Mr. Kazushiro Yamaguchi
President & CEO, Nippon Chemiphar Co., Ltd.

Anti-Monopoly Act

June 11, 2014

Mr. Shigenori Shioda
Partner, Tanabe & Partners

 The Anti-Monopoly Act (AMA) is becoming increasingly important both domestically and internationally. The Surcharge Scheme against Cartels was introduced in 1977, and has been revised to strengthen it. Revisions include an increase of surcharge rates, expanding its coverage, enhancing criminal accusations, introducing the Leniency Program as well as implementing compulsory investigation measures to gather evidence. While there has been no big change in the number of AMA breaches, some large-scale scandals broke out that raised the total amount of surcharge payments as well as a number of criminal accusations.

 Antitrust enforcement and regulations in the US and EU countries are much more stringent, seen in the auto parts and financial services scandals. Especially in the US, severe financial penalties have been imposed and an increasing number of officers and employees have got prison sentences. As the world gets more globalized, the number of AMA cases keeps growing that involves competition authorities across multiple countries.

 Re-examining the governmental regulations has continued to be one of the key policy issues for successive Cabinets. The “Deregulation Action Program” was approved by the Cabinet in 1995, clarifying that “together with deregulation, the active development of competition policy will be pursued.” Today, the third arrow in the so-called Abenomics plan consists of regulatory reforms. Governmental regulations must be scrutinized whether their objectives are relevant, whether their scope best achieves the intended objective as well as whether they will not impede competition.

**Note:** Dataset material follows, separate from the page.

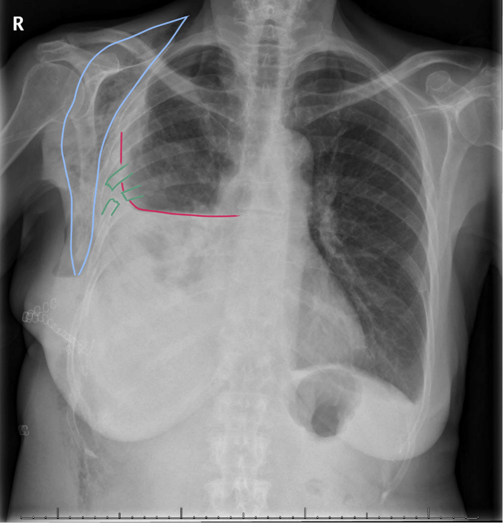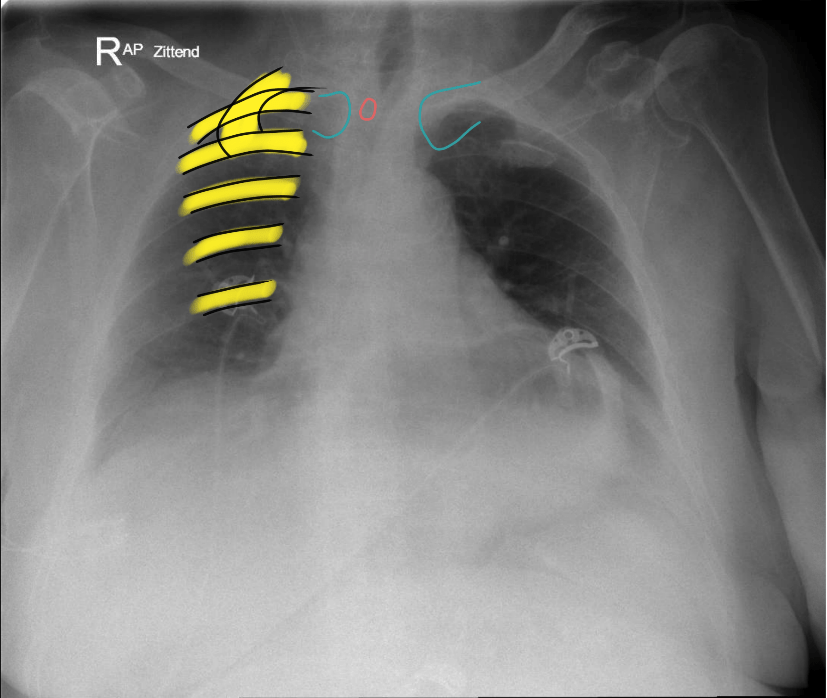 Je ziet dat er meerdere ribben aan de dorsolaterale zijde zijn onderbroken. We hebben er hier twee gemarkeerd (groen). Ribfracturen zijn vaak moeilijk te zien op een thoraxfoto en bij het vervaardigen van een CT-thorax blijken er dan meer te zijn.Â

 The Leniency Program was introduced in 2006 that grants reductions in penalties to firms involved in cartels or bid-rigging, in exchange for discontinuing participation into the practice and for providing an active cooperation in the investigation of the enforcement authorities. The reduction ranges from full immunity to 50% or 30% reduction, depending on the timing and order of application for leniency. I have observed positive effects of this Program since its introduction. We have come to witness some cases in recent years where competition authorities across several countries set out simultaneously to investigate an international cartel. I believe effective implementation of the Leniency Program plays an instrumental role. Some shareholder lawsuits have taken place arising from the Leniency Program.

 Monopolization is prohibited by law in over 100 countries around the world, including the US and EU. While it is most commonly referred to as “competition act” throughout the world, the title varies from country to country. Yet there is not much difference in the basic rule stipulated in the law. In Japan, it is generally called the “Anti-Monopoly Act” but the full title is “Act on Prohibition of Private Monopolization and Maintenance of Fair Trade.” The scope of the Act is not limited to prohibiting private monopolization and stipulates comprehensive prohibition on unfair trade practices including cartels and bid-rigging as well as regulation on mergers.

 I sincerely hope the rules of the “Anti-Monopoly Act” will further take root and enhance fair and free competition that will eventually invigorate the Japanese economy.